When using gdb for Fortran debugging, include the -g and -O0 options. Do not use gdb for Fortran debugging when compiling with -O1 or higher.
The debugger to be used for Fortran 95 codes can be downloaded from http://sourceforge.net/project/showfiles.php?group_id=56720 . (Note that the standard gdb compiler does not support Fortran 95 codes.) To verify that you have the correct version of gdb installed, use the gdb -v command. The output should appear similar to the following:
GNU gdb 5.1.1 FORTRAN95-20020628 (RC1) Copyright 2002 Free Software Foundation, Inc.
For a complete list of gdb commands, see the gdb user guide online at http://sources.redhat.com/gdb/onlinedocs/gdb_toc.html or use the help option. Note that current instances of gdb do not report ar.ec registers correctly. If you are debugging rotating, register-based, software-pipelined loops at the assembly code level, try using idb instead.

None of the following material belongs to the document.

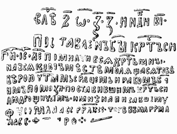 Вы уже знаете, что таинственный шифр на людогощинском кресте – не единственная шифрованная древнерусская надпись. И еще в начале нашего века Михаил Несторович Сперанский разработал основные приемы чтения таких тайнописей. Расположение букв одного слова в разных строках, о котором вы уже читали, не было единственным способом шифровки. М. Н. Сперанский выяснил, что очень часто наши предки пользовались для шифровки тем широко известным в их времена обстоятельством, что буквы имели и значение цифр (а – 1, в – 2, i – 10, к – 20 и т. д.). Еще в прошлом столетии многие помнили об этом давно утраченном цифровом значении букв и пытались решать с его помощью разные задачи. Вспомните, например, как в «Войне и мире» Пьер Безухов убеждает себя самого, что именно он должен убить Наполеона, подставляя цифры вместо букв своей фамилии, пытаясь получить из них ту же сумму, что выходит из букв имени Наполеона.

idb: the Intel debugger. This is a fully symbolic debugger for the Linux platform. The debugger provides extensive support for debugging programs written in C, C++, FORTRAN 77, and Fortran 90. idb includes a GUI and it supports both Intel and GNU compilers.

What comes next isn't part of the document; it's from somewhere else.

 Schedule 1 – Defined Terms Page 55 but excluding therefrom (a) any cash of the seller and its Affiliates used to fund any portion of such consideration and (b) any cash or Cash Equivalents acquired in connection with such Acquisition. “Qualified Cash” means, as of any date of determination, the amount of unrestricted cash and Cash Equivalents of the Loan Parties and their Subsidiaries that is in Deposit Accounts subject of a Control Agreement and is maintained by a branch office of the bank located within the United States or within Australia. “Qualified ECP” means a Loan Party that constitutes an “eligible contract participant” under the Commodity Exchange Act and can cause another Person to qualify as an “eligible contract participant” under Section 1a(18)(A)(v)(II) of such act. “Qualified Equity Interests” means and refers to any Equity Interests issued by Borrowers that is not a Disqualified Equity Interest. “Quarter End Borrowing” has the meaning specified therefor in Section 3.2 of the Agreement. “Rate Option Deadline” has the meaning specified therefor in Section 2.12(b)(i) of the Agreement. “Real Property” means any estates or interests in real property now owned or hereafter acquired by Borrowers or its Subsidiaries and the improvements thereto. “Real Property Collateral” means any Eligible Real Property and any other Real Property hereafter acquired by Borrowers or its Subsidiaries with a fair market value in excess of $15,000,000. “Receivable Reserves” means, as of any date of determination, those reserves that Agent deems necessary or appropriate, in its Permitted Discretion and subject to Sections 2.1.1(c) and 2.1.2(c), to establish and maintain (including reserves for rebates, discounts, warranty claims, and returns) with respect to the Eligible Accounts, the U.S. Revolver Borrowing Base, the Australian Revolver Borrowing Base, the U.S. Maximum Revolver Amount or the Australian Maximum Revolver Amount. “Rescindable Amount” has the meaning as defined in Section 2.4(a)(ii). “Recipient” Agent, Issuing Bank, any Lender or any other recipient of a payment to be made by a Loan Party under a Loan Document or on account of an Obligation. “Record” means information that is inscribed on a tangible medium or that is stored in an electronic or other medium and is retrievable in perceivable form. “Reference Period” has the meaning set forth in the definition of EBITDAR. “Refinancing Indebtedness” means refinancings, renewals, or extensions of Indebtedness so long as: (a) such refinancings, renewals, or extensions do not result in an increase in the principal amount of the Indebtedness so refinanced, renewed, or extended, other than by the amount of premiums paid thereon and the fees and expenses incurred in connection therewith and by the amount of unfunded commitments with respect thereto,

Running idb with the -gdb option on the shell command line provides gdb (1)-like user commands and debugger output.
ddd: a GUI to a command line debugger. It supports gdb and idb. For details about usage, see the following subsection.
TotalView: a licensed graphical debugger useful in an MPI environment (see http://www.totalviewtech.com/ )

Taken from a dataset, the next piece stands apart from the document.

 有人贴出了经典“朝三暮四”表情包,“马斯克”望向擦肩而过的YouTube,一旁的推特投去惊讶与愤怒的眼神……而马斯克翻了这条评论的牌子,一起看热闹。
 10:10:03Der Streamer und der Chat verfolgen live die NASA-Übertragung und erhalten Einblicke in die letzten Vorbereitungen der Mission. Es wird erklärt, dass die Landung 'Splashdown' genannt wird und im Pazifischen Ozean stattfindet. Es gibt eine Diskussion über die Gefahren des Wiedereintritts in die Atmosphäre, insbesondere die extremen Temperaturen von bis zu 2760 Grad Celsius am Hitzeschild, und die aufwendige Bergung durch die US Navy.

Figure 3-1 shows a TotalView sesssion.
idb is part of the Intel Compiler suite, both Fortran and C/C++. You are asked during the installation if you want to install it or not. When running idb you get the GUI interface. When you invoke the idbc command, you get the command line interface.
The DataDisplayDebugger ddd(1) tool is a GUI to an arbitrary command line debugger as shown in Figure 3-3. When starting ddd, use the --debugger option to specify the debugger used (for example, --debugger "idb"). The default debugger used is gdb.
When the debugger is loaded the DataDisplayDebugger screen appears divided into panes that show the following information:
Array inspection
Source code
Disassembled code
A command line window to the debugger engine
These panes can be switched on and off from the View menu.
Some commonly used commands can be found on the menus. In addition, the following actions can be useful:
Select an address in the assembly view, click the right mouse button, and select lookup. The gdb command is executed in the command pane and it shows the corresponding source line.
Select a variable in the source pane and click the right mouse button. The current value is displayed. Arrays are displayed in the array inspection window. You can print these arrays to PostScript by using the Menu>Print Graph option.
You can view the contents of the register file, including general, floating-point, NaT, predicate, and application registers by selecting Registers from the Status menu. The Status menu also allows you to view stack traces or to switch OpenMP threads.